ACTIVITY: Quote exactly, and only, the lines of the material below from the line with "Generalmente, cuando escribes" through the line with "Maintain chain driven".

[EXTRACTED ENTRIES]

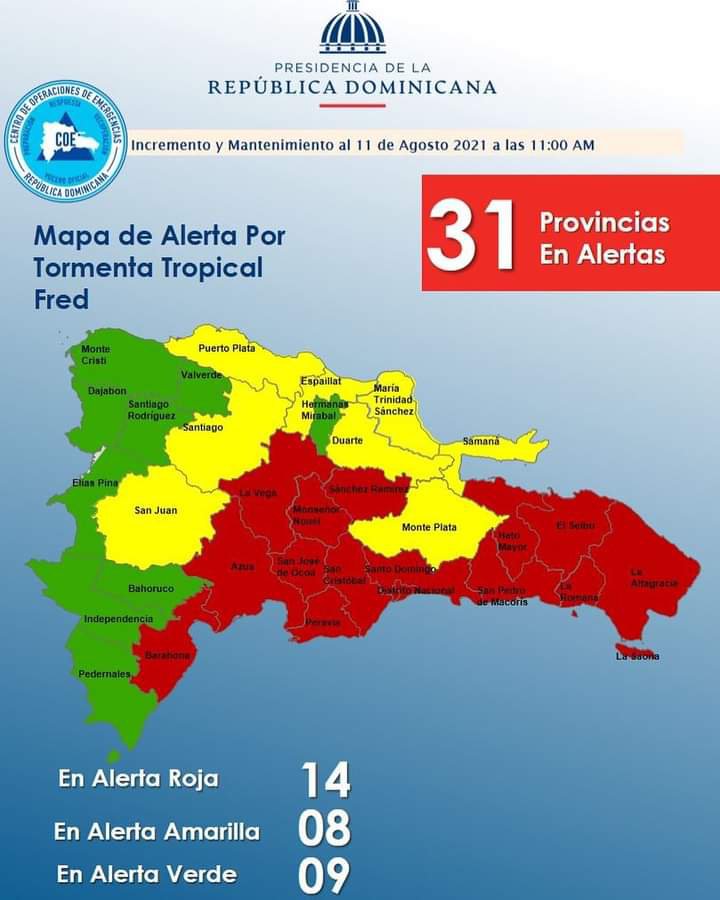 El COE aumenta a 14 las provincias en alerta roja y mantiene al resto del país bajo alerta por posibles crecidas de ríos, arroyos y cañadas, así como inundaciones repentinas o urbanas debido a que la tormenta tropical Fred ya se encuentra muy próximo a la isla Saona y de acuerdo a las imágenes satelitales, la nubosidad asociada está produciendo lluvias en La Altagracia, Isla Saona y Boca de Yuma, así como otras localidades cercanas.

[/EXTRACTED ENTRIES]
[EXTRACTED ENTRIES]

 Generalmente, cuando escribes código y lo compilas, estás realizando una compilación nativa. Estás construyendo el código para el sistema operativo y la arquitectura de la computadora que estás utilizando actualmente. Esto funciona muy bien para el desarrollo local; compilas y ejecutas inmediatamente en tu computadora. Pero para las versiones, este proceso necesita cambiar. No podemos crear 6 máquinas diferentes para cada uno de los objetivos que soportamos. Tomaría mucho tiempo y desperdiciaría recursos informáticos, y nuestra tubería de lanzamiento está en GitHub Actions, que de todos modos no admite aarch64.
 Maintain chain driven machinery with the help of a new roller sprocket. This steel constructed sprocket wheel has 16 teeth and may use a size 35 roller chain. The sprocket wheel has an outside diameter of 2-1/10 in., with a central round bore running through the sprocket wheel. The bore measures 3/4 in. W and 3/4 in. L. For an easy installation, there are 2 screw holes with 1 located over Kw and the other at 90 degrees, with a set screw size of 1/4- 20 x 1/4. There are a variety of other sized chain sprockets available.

[/EXTRACTED ENTRIES]

COMPLETED EXERCISE:
 Generalmente, cuando escribes código y lo compilas, estás realizando una compilación nativa. Estás construyendo el código para el sistema operativo y la arquitectura de la computadora que estás utilizando actualmente. Esto funciona muy bien para el desarrollo local; compilas y ejecutas inmediatamente en tu computadora. Pero para las versiones, este proceso necesita cambiar. No podemos crear 6 máquinas diferentes para cada uno de los objetivos que soportamos. Tomaría mucho tiempo y desperdiciaría recursos informáticos, y nuestra tubería de lanzamiento está en GitHub Actions, que de todos modos no admite aarch64.
 Maintain chain driven machinery with the help of a new roller sprocket. This steel constructed sprocket wheel has 16 teeth and may use a size 35 roller chain. The sprocket wheel has an outside diameter of 2-1/10 in., with a central round bore running through the sprocket wheel. The bore measures 3/4 in. W and 3/4 in. L. For an easy installation, there are 2 screw holes with 1 located over Kw and the other at 90 degrees, with a set screw size of 1/4- 20 x 1/4. There are a variety of other sized chain sprockets available.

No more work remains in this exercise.